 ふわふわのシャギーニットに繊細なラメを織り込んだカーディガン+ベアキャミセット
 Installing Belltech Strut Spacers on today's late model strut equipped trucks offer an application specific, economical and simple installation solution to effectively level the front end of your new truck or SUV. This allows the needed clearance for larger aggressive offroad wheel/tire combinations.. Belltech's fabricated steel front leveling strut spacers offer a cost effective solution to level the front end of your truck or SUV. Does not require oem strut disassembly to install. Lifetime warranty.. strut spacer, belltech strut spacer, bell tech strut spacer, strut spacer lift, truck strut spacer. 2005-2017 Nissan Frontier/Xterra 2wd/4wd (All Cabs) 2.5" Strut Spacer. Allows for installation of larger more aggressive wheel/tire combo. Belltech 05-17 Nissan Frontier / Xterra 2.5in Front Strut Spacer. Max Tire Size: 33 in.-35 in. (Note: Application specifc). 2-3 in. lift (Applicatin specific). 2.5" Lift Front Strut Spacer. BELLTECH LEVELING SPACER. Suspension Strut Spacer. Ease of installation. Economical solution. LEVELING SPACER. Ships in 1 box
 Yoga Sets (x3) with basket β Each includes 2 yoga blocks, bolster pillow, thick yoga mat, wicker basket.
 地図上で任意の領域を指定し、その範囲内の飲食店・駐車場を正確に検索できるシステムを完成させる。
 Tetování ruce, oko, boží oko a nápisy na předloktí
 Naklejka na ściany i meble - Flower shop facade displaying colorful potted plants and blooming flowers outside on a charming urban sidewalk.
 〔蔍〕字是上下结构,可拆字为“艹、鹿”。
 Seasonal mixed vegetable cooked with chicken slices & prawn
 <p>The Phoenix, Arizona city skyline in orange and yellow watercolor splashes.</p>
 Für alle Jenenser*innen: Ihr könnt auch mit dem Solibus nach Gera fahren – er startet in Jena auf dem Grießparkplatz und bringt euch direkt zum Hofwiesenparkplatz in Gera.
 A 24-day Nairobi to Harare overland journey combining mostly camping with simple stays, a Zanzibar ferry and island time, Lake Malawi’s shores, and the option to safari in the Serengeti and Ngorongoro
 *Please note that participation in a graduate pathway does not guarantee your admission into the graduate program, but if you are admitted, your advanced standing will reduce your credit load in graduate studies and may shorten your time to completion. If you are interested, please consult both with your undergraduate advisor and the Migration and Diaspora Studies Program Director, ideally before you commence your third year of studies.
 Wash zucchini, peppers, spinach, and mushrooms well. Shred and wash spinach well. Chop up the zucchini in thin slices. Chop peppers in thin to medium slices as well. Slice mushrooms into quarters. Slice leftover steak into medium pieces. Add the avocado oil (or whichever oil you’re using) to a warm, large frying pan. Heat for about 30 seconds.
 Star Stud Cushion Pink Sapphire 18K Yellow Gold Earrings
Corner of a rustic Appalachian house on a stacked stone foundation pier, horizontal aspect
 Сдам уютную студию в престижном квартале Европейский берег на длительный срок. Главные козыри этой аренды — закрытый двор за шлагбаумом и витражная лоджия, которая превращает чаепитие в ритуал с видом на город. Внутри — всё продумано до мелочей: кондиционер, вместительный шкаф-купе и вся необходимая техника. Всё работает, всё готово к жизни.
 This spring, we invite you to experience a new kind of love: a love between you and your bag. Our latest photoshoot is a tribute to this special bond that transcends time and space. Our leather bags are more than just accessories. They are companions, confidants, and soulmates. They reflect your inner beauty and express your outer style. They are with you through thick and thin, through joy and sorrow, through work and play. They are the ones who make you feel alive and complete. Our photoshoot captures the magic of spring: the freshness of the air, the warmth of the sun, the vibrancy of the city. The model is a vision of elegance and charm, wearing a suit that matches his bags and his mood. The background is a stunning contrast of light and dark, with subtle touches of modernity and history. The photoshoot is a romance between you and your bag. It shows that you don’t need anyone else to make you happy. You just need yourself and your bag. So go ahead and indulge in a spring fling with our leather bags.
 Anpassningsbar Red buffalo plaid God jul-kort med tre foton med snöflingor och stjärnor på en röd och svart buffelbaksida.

________________

ABOUT THIS TASK
Reply with the number only, stating how many lines in the listing hold the string "slices".

TASK RESULT
2